Elle semblait si fragile et avait peur de parler. Mais tout au long de son témoignage, nous l'avons littéralement vue grandir et prendre confiance en elle, et à la fin, elle était si fière de ce qu'elle avait fait et se sentait plus forte.
En tant que psychologues, nous défendons les droits des témoins et des victimes en les écoutant et en veillant à ce que leur expérience avec la Cour soit digne et qu'ils reçoivent le soutien qu'ils méritent.
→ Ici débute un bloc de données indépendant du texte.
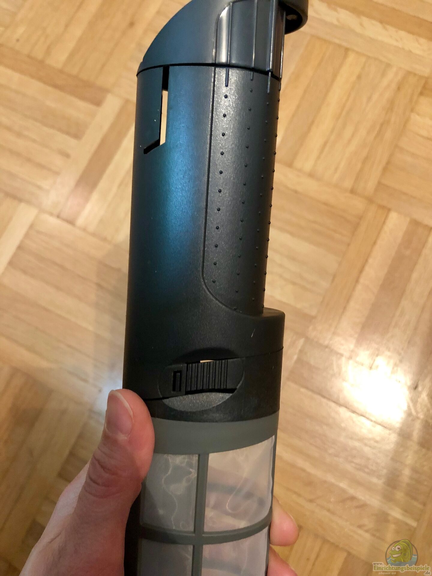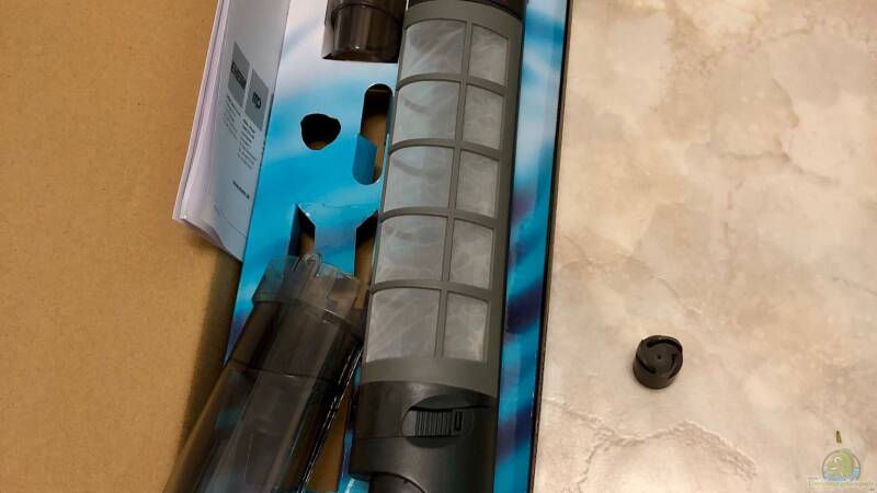 Freudig packte ich es aus und setzte es zusammen. Gleich ging ich mit dem Gerät zum ersten Aquarium und probierte es aus. Doch leider hatte ich etwas vergessen! Es gibt ein kleines, hohles Magnet-Teil, das ich verga?? unten anzubringen.
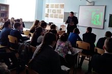 Учитель татарского языка и литературы Алмаз Газимзянович провел внеклассное мероприятие "Муса Джалиль - поэт герой!" посвященное жизни и творчеству татарского поэта Мусы Джалиля.

Nous avons ont recours à des outils fondés sur des preuves. Nos évaluations nous permettent de comprendre les vulnérabilités et les forces d'un témoin. Nous les accompagnons tout au long de leurs témoignages et sommes là pour les aider.
Notre équipe parle aux témoins et aux victimes de ce dont ils ont peur et de ce que le processus signifie pour eux, pour leur vie. (Photo: Frank Schinski)
Dans une salle d'audience, chaque mot compte et les émotions sont amplifiées. Les témoins et les victimes peuvent se sentir très exposés et vulnérables, mais parfois aussi très responsabilisés et vus. Cela a un gros impact psychologique. (Frank Schinski)
Je me suis intéressée à la justice lorsque j’étais en poste au Rwanda. Je travaillais aux côtés de conseillers en traumatisme locaux. Beaucoup de femmes avec lesquelles nous avions travaillé étaient victimes de violences sexuelles…
… et elles avaient ce fort souhait de raconter leur histoire. J'ai trouvé fascinant que cela soit une force si positive pour elles. C'est devenu mon cheminement de carrière. J'ai ensuite eu la chance de créer une unité d'aide aux témoins au TSSL.
Je suis devenue l'une des premières psychologues à travailler dans les mécanismes de justice internationale. Suivre ma passion a fait de moi une pionnière et j'en suis toujours très reconnaissante.
J'ai rejoint la Cour en 2009. Avant mon arrivée, le premier procès de la CPI venait de commencer, dans l'affaire Lubanga. L'un des premiers témoins est venu témoigner : un ancien enfant soldat.
Assis dans le box des témoins, il s'est totalement figé. Le procès a dû être suspendu. Le juge avait alors insisté pour qu’il y ait un psychologue au sein du personnel de la CPI, comme le prévoit le Statut de Rome, pour évaluer et soutenir les témoins.
Ceci s’est passé le 4 février. Le 6 février, je recevais l'appel téléphonique. Et le 13 février, j'étais ici, en tant que la première psychologue de la CPI dans ce rôle. Je suis arrivée à la Cour et notre équipe a commencé à développer …
… tout le système d'évaluation psychologique et de soutien aux victimes et aux témoins. Nous avons construit le système à partir de rien. Tout au long de ma carrière, j'ai rencontré des centaines de témoins et de victims.
J'ai vu que, si on leur donne l'espace et le soutien dont ils ont besoin pour raconter leur histoire, les survivants de crimes atroces peuvent être des témoins très importants. Témoigner peut être un moyen puissant de regagner sa dignité.
Je suis impressionnée par l'espoir et le courage des témoins et aux victimes. Ils veulent la justice. L'expérience m'a montré que nous pouvons aussi jouer un rôle important, si nous nous concentrons sur ce qui compte dans la vie des gens.